_Given material_:
────────────────────
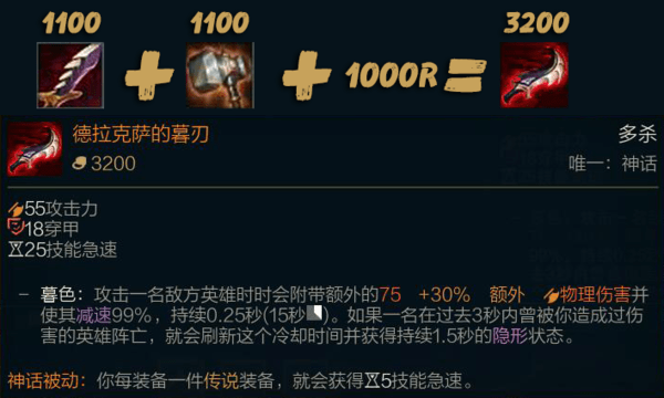 先看基础属性,对比爪子是少了5点攻击以及3点甲穿,多了15点冷却加速,但是神话被动提供的技能加速对刺客的提升肯定不如甲穿,能一刀扎死ADC绝对不出第二刀,其次附加的被动伤害也被砍了一刀,伤害远远没有爪子高,那你说幕刃被动能刷新,但刺客的目标一般只有一个,刷新的伤害基本无关紧要。
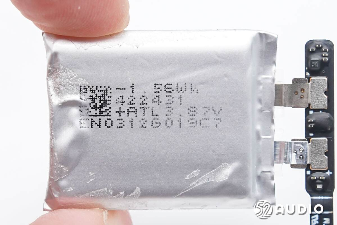 手表内置可充电锂离子电池组,内部电芯型号:422431,容量:1.56Wh,电压:3.87V,来自ATL东莞新能源。
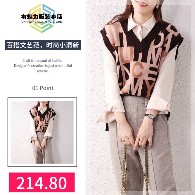 2020秋冬新款坎肩提花休闲背心欧美修身羊毛衣女套头针织马甲女 214.80 已售:0件
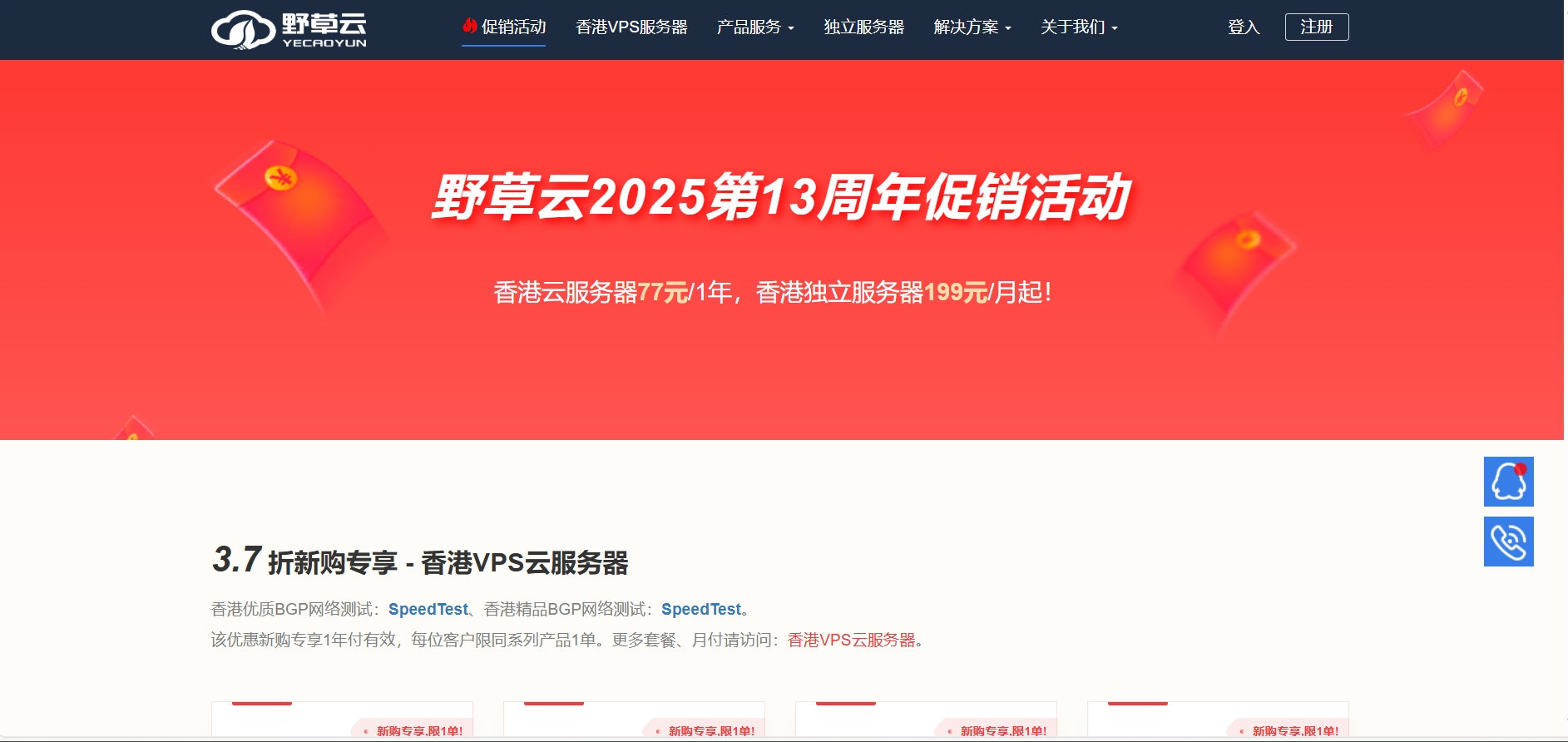 野草云:yecaoyun,2012年成立的国内主机商,Lucida Cloud Limited(HK)旗下站点,提供虚拟主机、VPS和独立服务器租用等产品,数据中心在中国香港和美国洛杉矶。以香港VPS为例,商家促销套餐最低77元/年起,支持使用支付宝、PayPal等付款方式,可选Intel或者AMD CPU系列,可选国际、优质或者精品带宽,中国大陆优化直连,香港独立服务器也仅199元/月起,优质/精品网络国内直连。
────────────────────
_What to do_: When you copy the lines above, drop the pictures and keep everything else exact.

_Response below_:
 先看基础属性,对比爪子是少了5点攻击以及3点甲穿,多了15点冷却加速,但是神话被动提供的技能加速对刺客的提升肯定不如甲穿,能一刀扎死ADC绝对不出第二刀,其次附加的被动伤害也被砍了一刀,伤害远远没有爪子高,那你说幕刃被动能刷新,但刺客的目标一般只有一个,刷新的伤害基本无关紧要。
 手表内置可充电锂离子电池组,内部电芯型号:422431,容量:1.56Wh,电压:3.87V,来自ATL东莞新能源。
 2020秋冬新款坎肩提花休闲背心欧美修身羊毛衣女套头针织马甲女 214.80 已售:0件
 野草云:yecaoyun,2012年成立的国内主机商,Lucida Cloud Limited(HK)旗下站点,提供虚拟主机、VPS和独立服务器租用等产品,数据中心在中国香港和美国洛杉矶。以香港VPS为例,商家促销套餐最低77元/年起,支持使用支付宝、PayPal等付款方式,可选Intel或者AMD CPU系列,可选国际、优质或者精品带宽,中国大陆优化直连,香港独立服务器也仅199元/月起,优质/精品网络国内直连。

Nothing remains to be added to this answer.